The company recently got into a spat with Zostel Hospitality after Zostel accused it of not fulfilling its side of the contractual agreements. Oyo has listed the spat with Zostel as a key risk factor in its DRHP.
The Covid-19 pandemic has hit the hotel business quite hard. The company has seen its revenues decline from Rs 13,168 crore in FY20 (financial year 2020) to Rs 3,961 crore in FY21. The company had not generated a profit since incorporation and has continually burnt cash, with its funding.
The company has now resorted to borrowing from institutional investors with the latest being a term loan of $660 million. As of 31 March 2021, the consolidated debt had stood at Rs 3,160 crore. The company’s attempts to diversify into cloud kitchens and other ancillary businesses have not worked out as expected.
The company, its promoters and its investors might have a lot to lose if the IPO does not come to fruition.
For its largest investor Softbank, a healthy response to the IPO could help enhance the returns for its Vision Fund investors. Until recently, the fund had been struggling to generate results, especially after the WeWork crisis. The crisis saw WeWork’s valuation collapse from $47 billion to $10 billion within a short period.
Coincidentally, just around the same time, banks close to Softbank funded a stock buyback by Oyo’s founder Ritesh Agarwal from investors. The $1.5 billion buyback helped Softbank stabilise its fund’s performance and was backed with the shares as collateral. If the value of these shares decreases, Agarwal might be required to put up more collateral.

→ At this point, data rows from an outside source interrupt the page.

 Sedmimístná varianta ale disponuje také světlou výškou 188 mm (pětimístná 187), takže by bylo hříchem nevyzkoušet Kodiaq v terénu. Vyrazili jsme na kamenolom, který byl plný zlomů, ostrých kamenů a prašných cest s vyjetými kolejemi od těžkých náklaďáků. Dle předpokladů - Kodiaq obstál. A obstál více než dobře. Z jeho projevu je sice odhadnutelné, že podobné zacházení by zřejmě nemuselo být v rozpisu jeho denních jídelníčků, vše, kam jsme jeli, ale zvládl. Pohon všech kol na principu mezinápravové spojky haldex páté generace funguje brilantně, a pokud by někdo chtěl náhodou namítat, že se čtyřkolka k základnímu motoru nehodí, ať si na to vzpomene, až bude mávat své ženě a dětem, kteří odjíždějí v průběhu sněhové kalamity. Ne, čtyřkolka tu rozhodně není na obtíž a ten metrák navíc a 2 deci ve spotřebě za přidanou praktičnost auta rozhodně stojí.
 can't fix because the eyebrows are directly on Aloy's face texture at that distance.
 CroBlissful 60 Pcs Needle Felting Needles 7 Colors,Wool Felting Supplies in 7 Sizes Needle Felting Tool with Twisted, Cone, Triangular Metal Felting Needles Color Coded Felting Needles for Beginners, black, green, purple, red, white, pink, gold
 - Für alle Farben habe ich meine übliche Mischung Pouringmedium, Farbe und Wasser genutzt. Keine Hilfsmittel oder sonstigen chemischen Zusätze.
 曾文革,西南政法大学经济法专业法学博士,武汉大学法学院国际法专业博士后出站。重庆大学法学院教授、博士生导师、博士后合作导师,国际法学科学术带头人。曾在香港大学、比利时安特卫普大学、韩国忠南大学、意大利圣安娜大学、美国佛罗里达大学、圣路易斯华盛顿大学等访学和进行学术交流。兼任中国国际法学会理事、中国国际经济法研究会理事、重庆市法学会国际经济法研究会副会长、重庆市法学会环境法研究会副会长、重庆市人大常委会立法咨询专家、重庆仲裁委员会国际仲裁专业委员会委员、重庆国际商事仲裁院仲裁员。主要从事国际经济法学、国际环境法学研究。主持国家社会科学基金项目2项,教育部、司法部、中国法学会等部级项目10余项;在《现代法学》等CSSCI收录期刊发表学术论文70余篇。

The company, which has been making operational losses since inception, needs capital to continue its operations. Though the company has been attempting to cut costs and operational expenditures, it has been unable to turn profitable, especially with the advent of the pandemic.
It might have to decide between profitability and growth in coming times, while trying to sort out operational and image issues.